As to your gratuitous swipe at my declining oratorical debate, this is a vapid accusation for the following reason: you falsely assume that public spoken debate is the only (or at least far preferable) kind of debate. Even after I told you that this was not my forte, desire, or preference (what's wrong with that? Do you demand that everybody be just like you?), you persist in implying that I am scared to debate! As I anticipated {4-22-95, p.16 / 5-15-95, p.1} you would take my refusal as a product of fear rather than principle and preference. Well, writing is also debate, James. We are doing it right now (me writing and you reading this). Haven't you ever heard of Luther's debate with Erasmus on Free Will? Or Calvin's famous interchange with Cardinal Sadoleto? Are these not debates, according to you? And were Luther and Calvin "chickens" for not debating their foes publicly and with the spoken word? Pretty silly, wouldn't you agree, James?

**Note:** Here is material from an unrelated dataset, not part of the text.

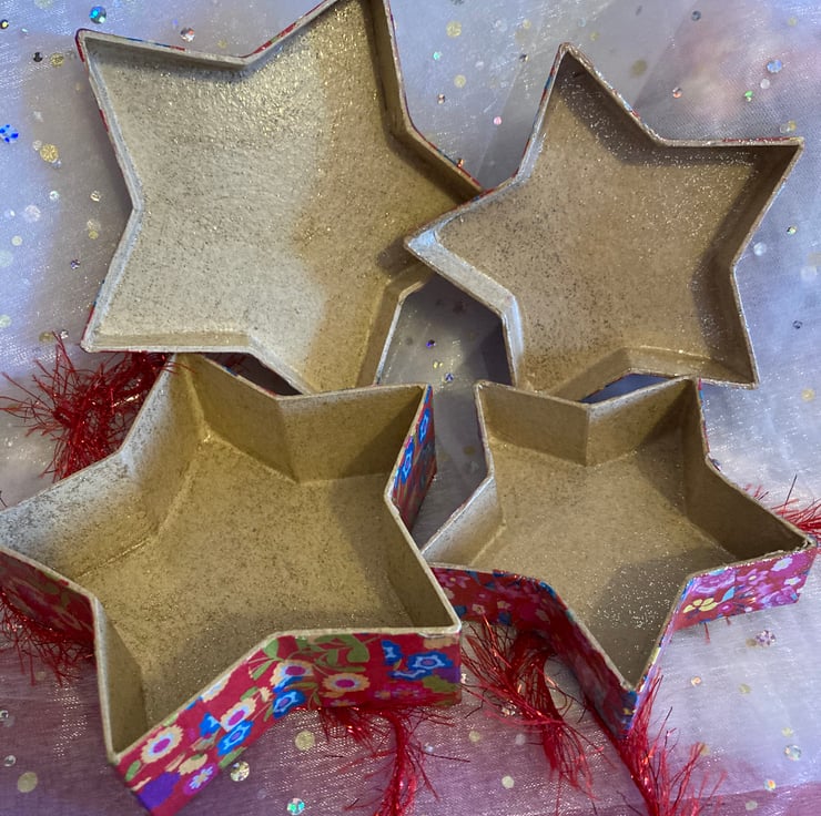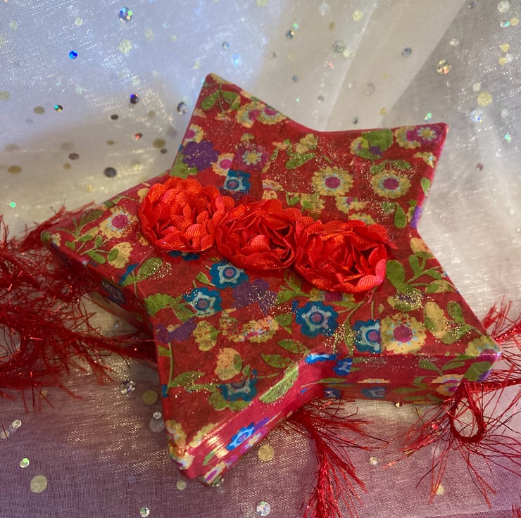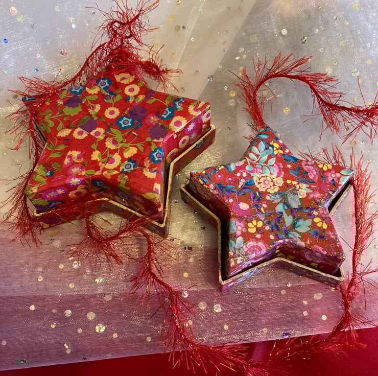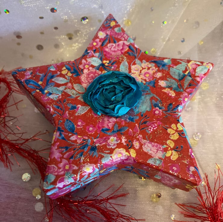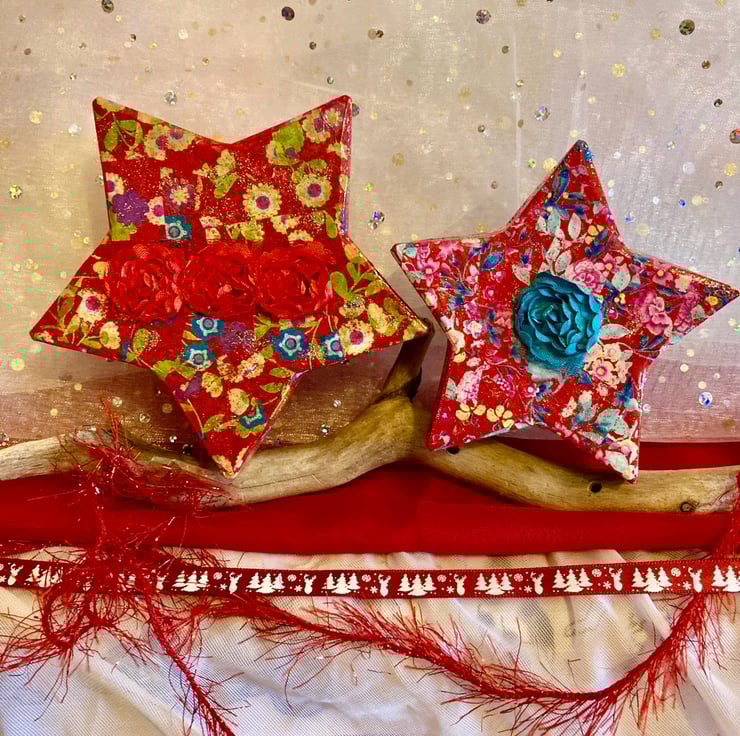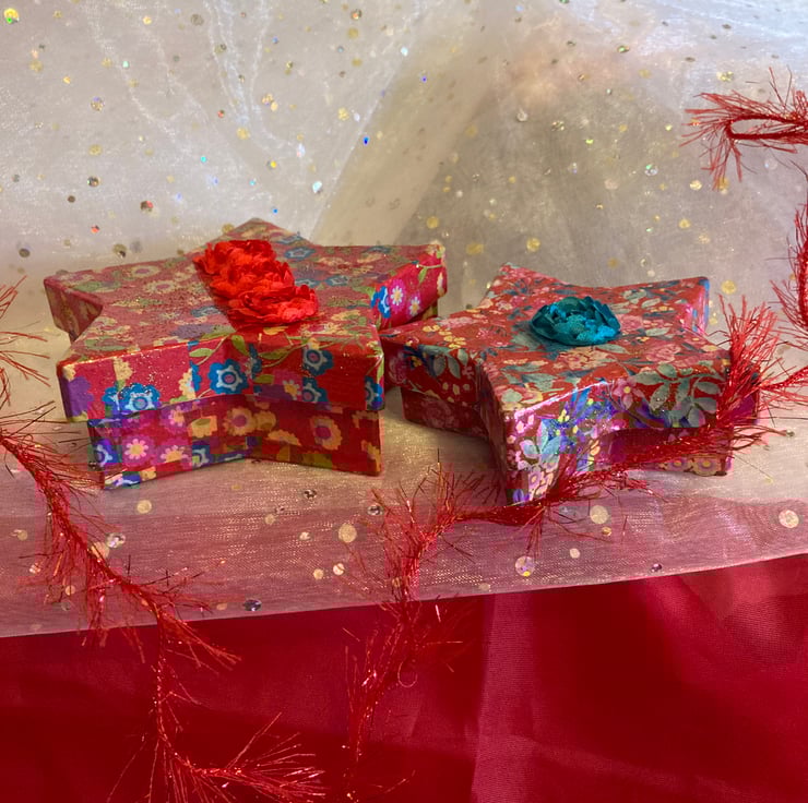These 2 starry gift boxes started off as plain paper mache boxes. They have been transformed by using different red floral papers and topped with pretty flowers of red and teal.

Besides, the comparison falls flat (even apart from my revulsion at unethical anti-Catholic tactics) since my two Protestant former acquaintances are unwilling to engage me in any format whatsoever, whereas I will gladly take you (or them, or Robert Morey, etc.) on by correspondence or in your newsletter on any theological topic (excepting NT Greek grammar!) at any time. I think this is a vast and obvious difference - between my confident, open outlook and their (I dare say) evasive and fearful (?) approach. Remember, both of them initiated the process and sent out signals that they were willing or able to debate, not me. This makes a huge difference. You can interpret my confidence in defending my position and disgust at Protestant braggadocio and "superior" attitudes (yet simultaneous reluctance to dialogue) as my own arrogance if you like.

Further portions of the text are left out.